# [Instructions to follow]
Beginning at the line that holds "รูปที่ 8 เจ้าหน้าที่รักษาความปลอดภัยประจำโครงการ", transcribe each line exactly through the end of the records, and leave any pictures out.

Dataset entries
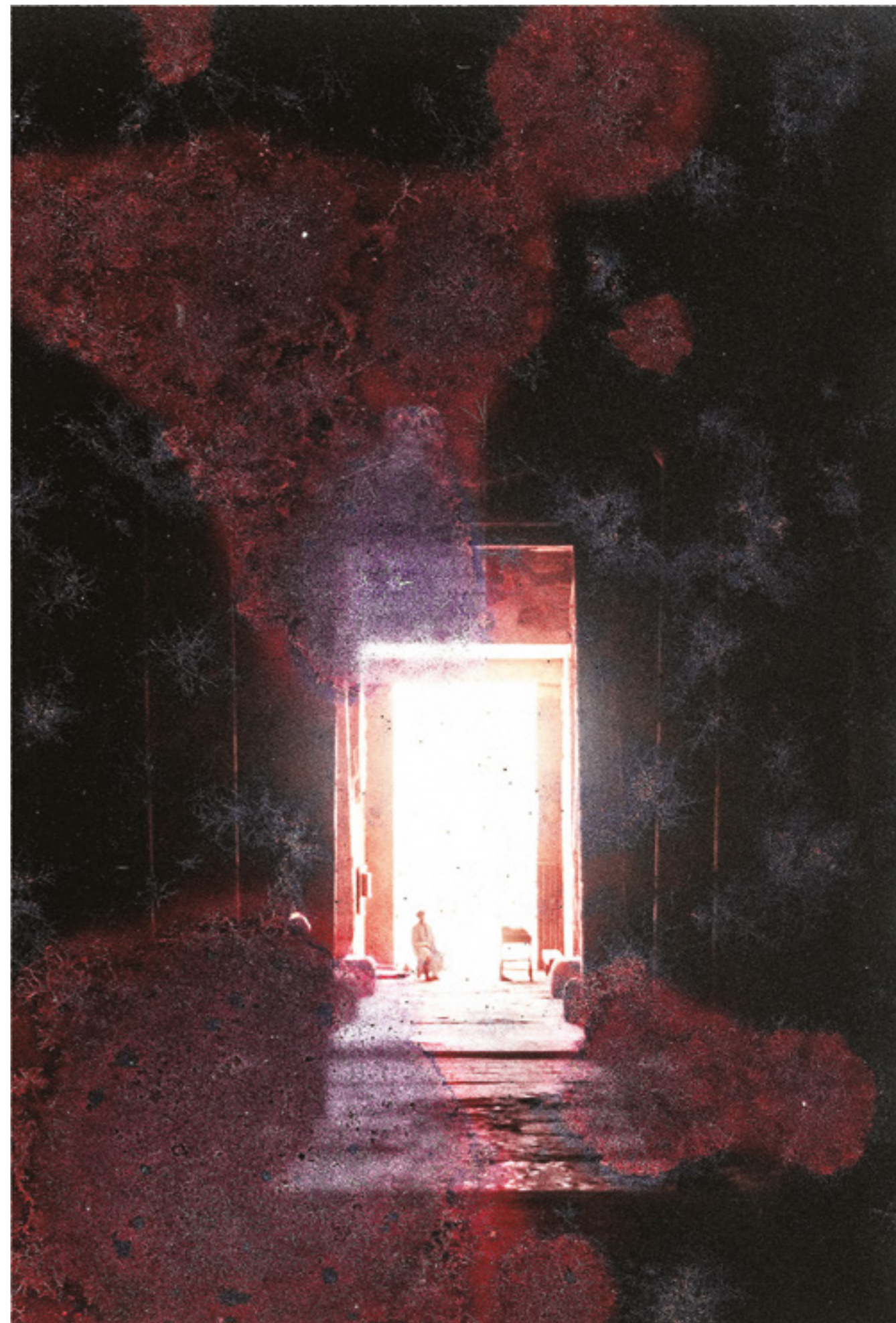
Fra særudstillingen Claus Rohland "Kun den rejsende er fremmed". Fotografiske indtryk af Mellemøsten

Davids Samling: Claus Rohland: Kun den rejsende er fremmed. Fotografiske indtryk af Mellemøsten 14. oktober 2022 – 9. april 2023
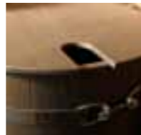
Deckel / cover
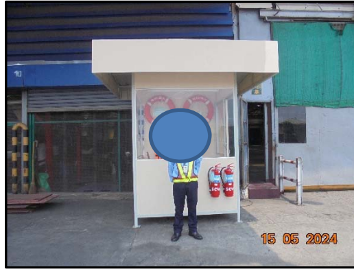
รูปที่ 8 เจ้าหน้าที่รักษาความปลอดภัยประจำโครงการ
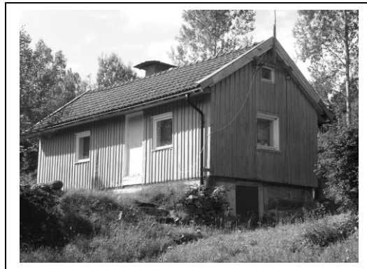
Huset på Högekulle.
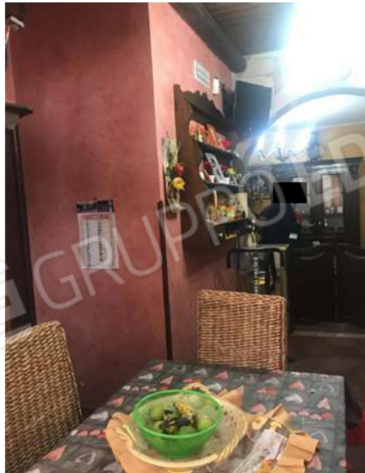
Foto 6. Cucina.
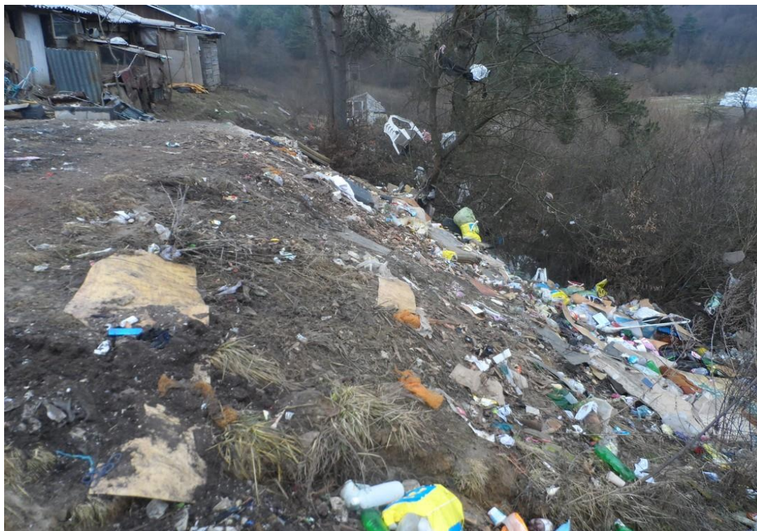
Obr. 1 Nelegálna skládka odpadu na parcele KN-E 1795/1

# [Result below]
รูปที่ 8 เจ้าหน้าที่รักษาความปลอดภัยประจำโครงการ
Huset på Högekulle.
Foto 6. Cucina.
Obr. 1 Nelegálna skládka odpadu na parcele KN-E 1795/1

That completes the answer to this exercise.